"Шаг влево, шаг вправо..." - страница 7
Трудармия просуществовала в основном до 1947 года, режим спецпоселения — по 1955 год. За все эти годы у советских немцев не было ни одной газеты (до войны только в автономной республике выходила 21 газета), не вышло ни одной книжки (до войны только за три года было издано 555). Практически единственной книгой, которая оставалась в народе, была Библия — книга, священная не только утешительной, поддерживающей религией, не только списком дорогих имен (Библия была как правило фамильной книгой, в нее вписывались из поколения в поколение имена, даты рождения, крещения, конфирмации и смерти всех предков); эта книга была священна, может быть, всего больше потому, что была единственной книгой на родном языке. Мог ли догадываться неистовый и вдохновенный Мартин Лютер, совершая свой нечеловеческий подвиг по переводу Библии, какое поистине материальное значение будет иметь каждое, им из гущи народной взятое, пылающее ее слово через века, в неведомой ему далекой Сибири?..
Осталась позади война, минула и спецкомендатура. Советская немецкая литература по-прежнему не подавала признаков жизни. Да и как ей, после таких потерь, было подавать их? А потери были катастрофические. Только один из советских немецких писателей погиб непосредственно на войне — Христиан Эльберг, павший в рядах народного ополчения в 1942 году под Москвой. Остальных, лишенных права сражаться с врагом, ждала иная участь.
Не вернулись из трудармии и не дожили до отмены унизительного спецнадзора Франц Бах (похоронен на одной из сопок в Горной Шории в мае 1942 года), Герхард Завацкий (умер в 1944 году в Соликамске); в 1944 же году не стало Ганса Гансмана (Иоганнеса Келлермана) и Фридеберта Фондиса; в 1951 году — Германа Бахмана; в 1953 закатилась некогда яркая звезда Августа Лонзингера — сеятеля доброго, разумного, вечного, вынужденного замолчать еще в тридцатые годы; в 1954 году умер в Магадане Давид Шелленберг. Еще долгие годы после войны были в тюрьмах, лагерях и ссылках Рейнгардт Кёльн, Эрнст Кончак, Нора Пфеффер. (Собственно, в ссылке был весь советский немецкий народ). В Сибири ученый-лингвист с мировым именем, специалист по немецким диалектам, Андреас Дульзон переключился на изучение языка кетов — маленькой сибирской народности, получив позже за свое исследование Государственную премию. В 1955 не стало другого писателя и ученого с мировым именем, Франца Шиллера.

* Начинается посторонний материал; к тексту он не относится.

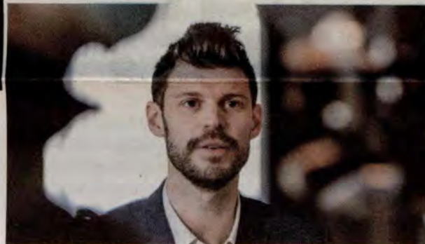
Rødt-leder: Bjørnar Moxnes.

– Rødt vil derimot reversere kuttene, øke skattene for de rikeste og bruke pengene på å styrke velferden.
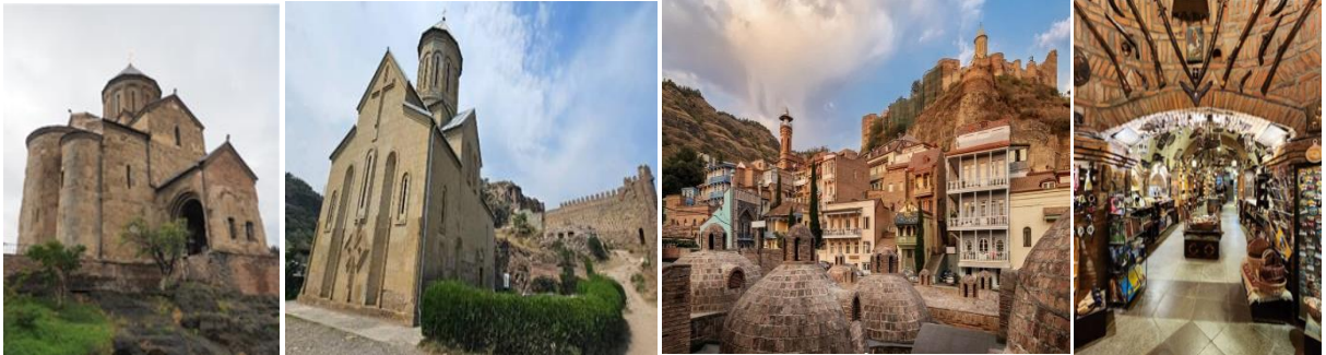
นำท่านเข้าสู่ที่พัก Iveria Inn Hotel หรือเทียบเท่า ★★★★★

วันที่ห้า เมืองทบิลีซี – วิหารจวารี – ป้อมอนานูรี – เมือง Pasaunuri – เมือง Stepansminda – โบสถ์เกอร์เกดี Russian-Georgian Friendship Monument – เมืองคูตาอูรี
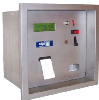
SE 511 SS Self Service SE 511 SS Self Service

Мало кто остался в живых из целого эшелона с интеллигенцией республики немцев Поволжья, более 500 человек, привезенной в начале войны в Восточную Сибирь и направленной там на лесоповал в тайгу (Франц Бах, бывший именно в этом эшелоне, выдержал всего несколько месяцев).>[6] И куда-то исчезло перед окончанием войны из трудармейских лагерей партийное и советское руководство автономной республики.
И если отметить также, что тысячи и тысячи советских немцев умерли еще во время выселения, по дороге в Сибирь и Казахстан; сотни тысяч погибли от голода и непосильной работы в результате сталинского геноцида в трудармии; десятки тысяч малолетних детей и стариков, оставшихся на произвол судьбы, без средств к существованию, без теплой одежды, без знания языка окружающего населения после мобилизации в трудармию всех мужчин и женщин трудоспособного возраста (женщины от 16 лет, мужчины — от 15) погибли в первые же зимы (см. воспоминания о том времени Фридриха Сиптица "А в сердце была Москва">[7] и профессора Давида Пеннера "Прокопьевск, трудармия">[8]) и если не забывать, что несколько сот тысяч немцев Украины попало под оккупацию, при отступлении гитлеровцев было вывезено в Германию и многие из них оказались после войны в западных зонах оккупации, откуда часть уехала затем в Северную и Южную Америку и Австралию; и если помнить, что все советские немцы в СССР после войны оказались так разбросаны от Магадана до Урала, что по сей день разыскивают друг друга — то можно, наверное, достаточно полно представить себе и состояние народа, и его моральный дух, и его проблемы, и — положение его литературы.
Если мы справедливо говорим сегодня, что репрессии 30-х — 40-х годов сказываются на советском народе до сих пор, особенно на старших поколениях, многие представители которых познали, что такое тюрьма или лагерь, то что говорить о советских немцах — народе, который весь, целиком, практически без единого исключения был репрессирован, перенес и тюрьмы, и трудармейские лагеря (где иногда специально люди совершали "преступления", чтобы попасть в лагеря заключенных — там было всё же легче, чем в трудармии), и вдобавок еще двадцать лет после войны не имел права возвращаться в места, откуда был выселен, и… Да разве всё перечислишь? Да разве всё передашь?